Over the past years, research has focused on the role of integrins during cell migration. Research has shown that integrins govern, through multiple intracellular pathways, many physiological processes including cell adhesion, survival, cell cycle and migration. This has led to a deeper understanding of their contribution to cancer progression and the development of several therapeutic strategies for the treatment of cancers and other human diseases. Unfortunately, clinical trials targeting cancer metastasis using integrin inhibition did not yield successful results. The challenge now is to define and identify novel therapeutic targets linked to integrins that might serve as more effective therapeutic opportunities. Once such potential opportunity comes from the insight that integrins play a critical role in modulating the physical structure of the nucleus in order to promote the movement of cancer cells through interstitial spaces and constricted environments. It is well known that cancer cells migrate and colonize of metastatic niches, which act as sanctuaries to protect cancer cells from existing chemo- and radiotherapies. In this review, we discussed the expansion of our knowledge of integrin-mediated confined migration with a view towards using this knowledge to develop novel treatments and improve the effectiveness of conventional therapies.
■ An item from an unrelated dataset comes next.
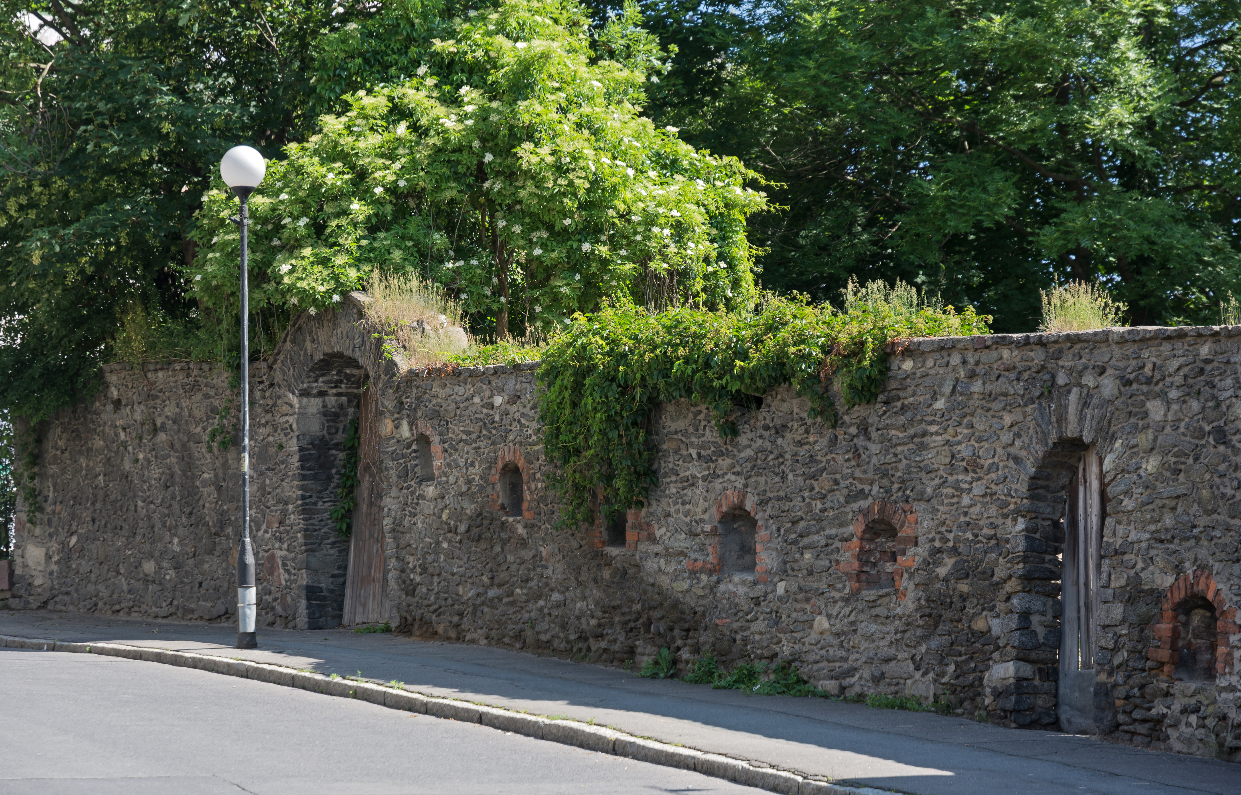 City walls in Niemcza

New advances in our understanding have shed light on how the physical shape and structure of the nucleus controls the migration of normal and cancer cells. Nuclear components, such as lamins, histones and nucleoskeletal proteins can change the ability of cells to translocate their nuclei or modify their mechanical properties to squeeze through narrow spaces. Here, we have reviewed some recent discoveries describing functional links between integrins with nuclear components and changes in nuclear deformability. Integrins are directly involved in the three main nuclear changes explored in this review, which includes nuclear translocation, nuclear deformability and functional connections with other intranuclear structures such as the nucleolus. Beyond our current knowledge about nuclear changes induced by integrins, additional research is clearly required to identify new targets against cancer migration and infiltration. Significant open questions remain to be elucidated, regarding to the molecular mechanisms connecting integrins with nuclear changes, and whether these require only require nucleus-cytoskeletal connections or whether signaling pathways might be also involved. Still, how alterations in the nuclear lamina, chromatin conformation, nucleoli number, etc. orchestrate nuclear structure and the mechanical properties of cancer cells need to be clarified. Exploring these questions would be extremely valuable to identify specific mechanisms used by migrating cells and whether any of these are specific to cancer cells. This in turn may open up an important new field of cancer research in the future and provide novel translational treatments against cancer dissemination.